** Problem to solve **
Repeat only these lines, exactly: the first line of the data, the line containing "Over the years, considerable", and every line between them. Pictures stay out.

[Collection entries]
== == ==
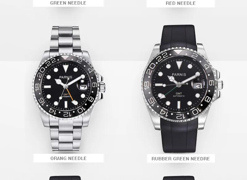 Parnis 40mm часы мужские спортивные механические часы GMT черный, к...
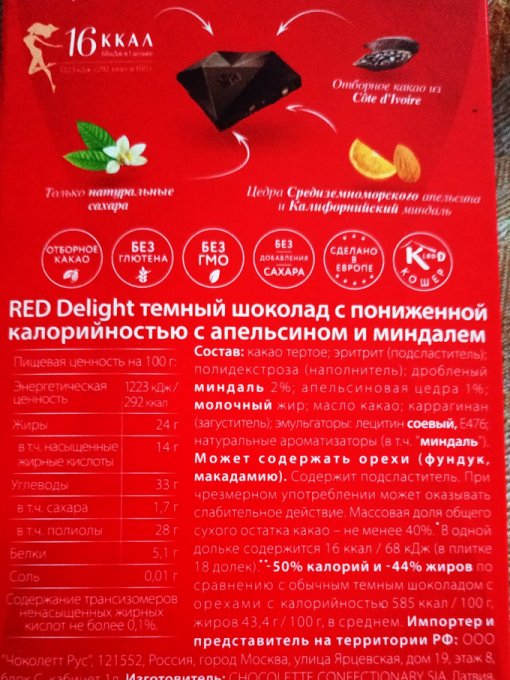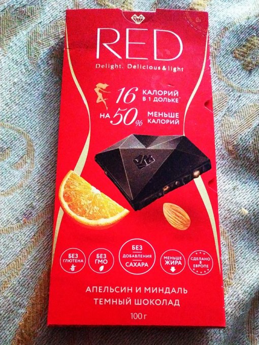 | Шоколад RED темный с апельсином и миндалем, на 50%меньше калорий |
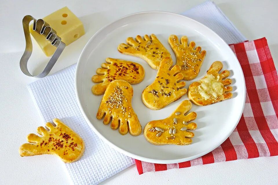 Раскатайте тесто до толщины около полсантиметра и при помощи формочки придайте ему веселую форму ступни. Выложите заготовки на противень, предварительно покрытый пергаментом. Смажьте каждую печеньку желтком и посыпьте выбранными семенами (по желанию).
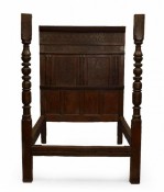 Italian Renaissance-style (17th Century) carved walnut panel full size headboard with large post footboard (includes: headboard, footboard, and rails)..
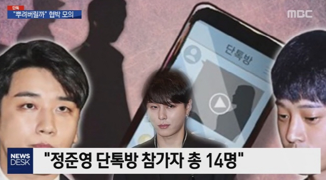 MBC는 '승리 단톡방'에 정준영, 최종훈, 용준형을 포함해 총 14명이 있었고, 연예인으로는 가수 K, J와 모델 L이 새로 등장했다고 보도했다. 이들은 서로 다른 단톡방에서 불법 영상을 공유하고 자랑했으며, 성관계 영상을 협박 도구로 사용하려 했던 것으로 드러났다.
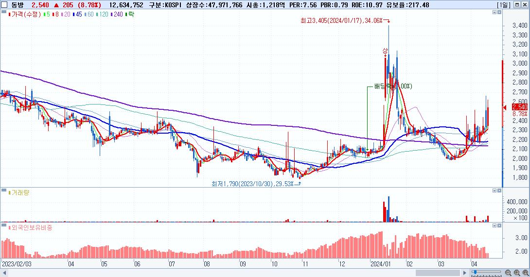 - 동방 (2,540원 ▲ 8.78% , 시총: 1,218억, 거래량: 12,634,752, 거래대금:318억)
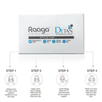 • Wipe the face with wet cotton and clean it with a cleanser. Apply Raaga Professional De-Tan all over the face and leave it for 10-15 minutes. Gently massage with circular movements and then remove the cream with wet cotton.
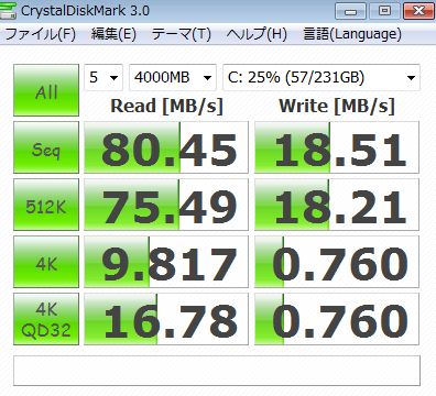 終始Writeが遅いです。HDDの方が幸せなんじゃないかと錯覚を起こします。
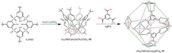 Over the years, considerable attention has been paid to coordination containers possessing a well-defined hollow space that is suitable for guest encapsulation and allows them to be widely applied in a number of applications, such as guest recognition [10,11,12], drug delivery [13,14], and supramolecular catalysis [15,16]. A new class of coordination containers, namely, metal-organic supercontainers (MOSCs), incorporating macrocyclic container thia- or sulfonyl- calix[4]arenes as precursors [17], have been well demonstrated by us and others [18,19,20,21,22,23,24,25,26,27,28]. The MOSCs are demonstrated to possess several unique features such as their modular synthesis, robust architecture, and multiple binding domains (containing both endo and exo cavities). The unique multicavity structures allow MOSCs to be promising in various applications including guest regulation [21,22,23] and electrocatalysis [24,29]. Although encapsulation of multiple guests by MOSCs through their multiple binding domains has been demonstrated [20], the exact mechanism of binding cooperativity and/or binding regulation of those synthetic receptors remains unclear.
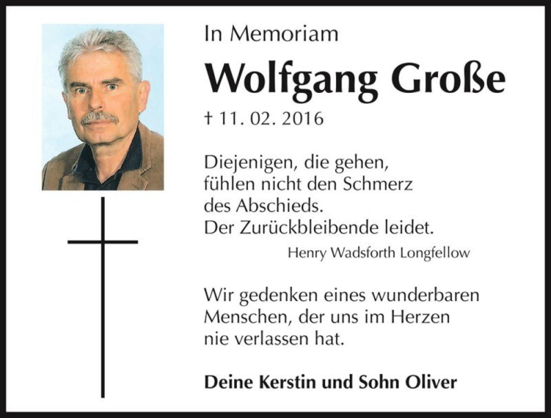 Hier finden Sie alle Traueranzeigen aus der Zeitung, die bisher für Wolfgang Große erschienen sind. Weitere Traueranzeigen, die in der Zeitung erscheinen, werden hier ebenfalls aufgelistet
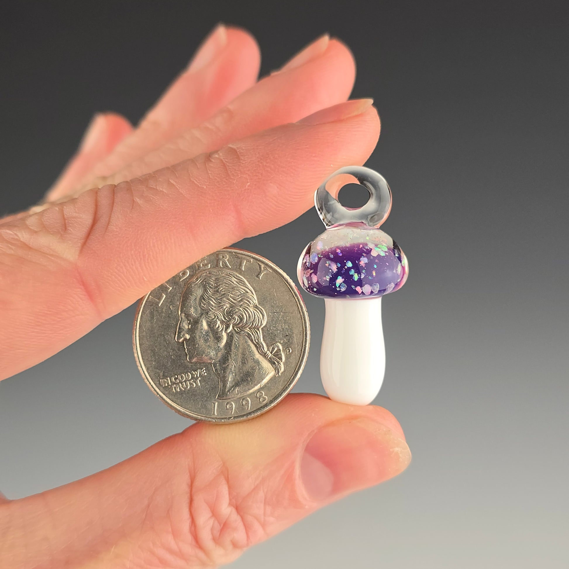 Glass mushroom pendant made with Royal Jelly and crushed opals in clear. See photos for size reference.
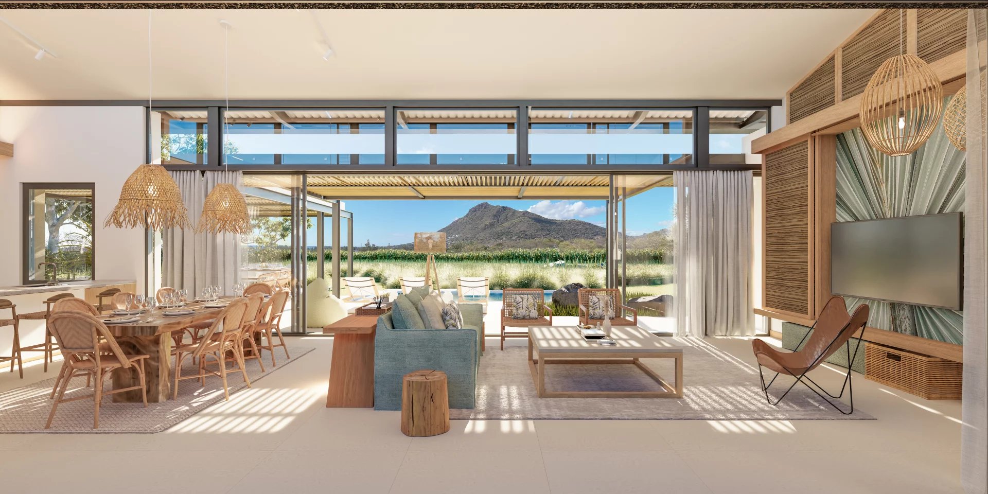 The first phase includes 81 villas and residential plots in the heart of the estate, and will be accompanied by the construction of the clubhouse and the first 9 holes of the golf course. Phases 2 and 3 will follow with 78 and 61 units respectively. The 2nd phase will be accompanied by the construction of the last 9 holes of the course. Each phase is expected to be completed within three years of commencing commercialization. Three models of villas with an actual built surface of more than 400 m² are offered on land with an average surface area of 2,000 m². Based on the concept of sustainable architecture, each villa has a different orientation, with the lowest possible environmental impact by taking advantage in particular of the topology of the land, as well as natural ventilation and light. This unique project of exceptional scale in a very sought-after environment offers a breathtaking view of Le Morne and the Indian Ocean.
== == ==
** Task solution **
 Parnis 40mm часы мужские спортивные механические часы GMT черный, к...
 | Шоколад RED темный с апельсином и миндалем, на 50%меньше калорий |
 Раскатайте тесто до толщины около полсантиметра и при помощи формочки придайте ему веселую форму ступни. Выложите заготовки на противень, предварительно покрытый пергаментом. Смажьте каждую печеньку желтком и посыпьте выбранными семенами (по желанию).
 Italian Renaissance-style (17th Century) carved walnut panel full size headboard with large post footboard (includes: headboard, footboard, and rails)..
 MBC는 '승리 단톡방'에 정준영, 최종훈, 용준형을 포함해 총 14명이 있었고, 연예인으로는 가수 K, J와 모델 L이 새로 등장했다고 보도했다. 이들은 서로 다른 단톡방에서 불법 영상을 공유하고 자랑했으며, 성관계 영상을 협박 도구로 사용하려 했던 것으로 드러났다.
 - 동방 (2,540원 ▲ 8.78% , 시총: 1,218억, 거래량: 12,634,752, 거래대금:318억)
 • Wipe the face with wet cotton and clean it with a cleanser. Apply Raaga Professional De-Tan all over the face and leave it for 10-15 minutes. Gently massage with circular movements and then remove the cream with wet cotton.
 終始Writeが遅いです。HDDの方が幸せなんじゃないかと錯覚を起こします。
 Over the years, considerable attention has been paid to coordination containers possessing a well-defined hollow space that is suitable for guest encapsulation and allows them to be widely applied in a number of applications, such as guest recognition [10,11,12], drug delivery [13,14], and supramolecular catalysis [15,16]. A new class of coordination containers, namely, metal-organic supercontainers (MOSCs), incorporating macrocyclic container thia- or sulfonyl- calix[4]arenes as precursors [17], have been well demonstrated by us and others [18,19,20,21,22,23,24,25,26,27,28]. The MOSCs are demonstrated to possess several unique features such as their modular synthesis, robust architecture, and multiple binding domains (containing both endo and exo cavities). The unique multicavity structures allow MOSCs to be promising in various applications including guest regulation [21,22,23] and electrocatalysis [24,29]. Although encapsulation of multiple guests by MOSCs through their multiple binding domains has been demonstrated [20], the exact mechanism of binding cooperativity and/or binding regulation of those synthetic receptors remains unclear.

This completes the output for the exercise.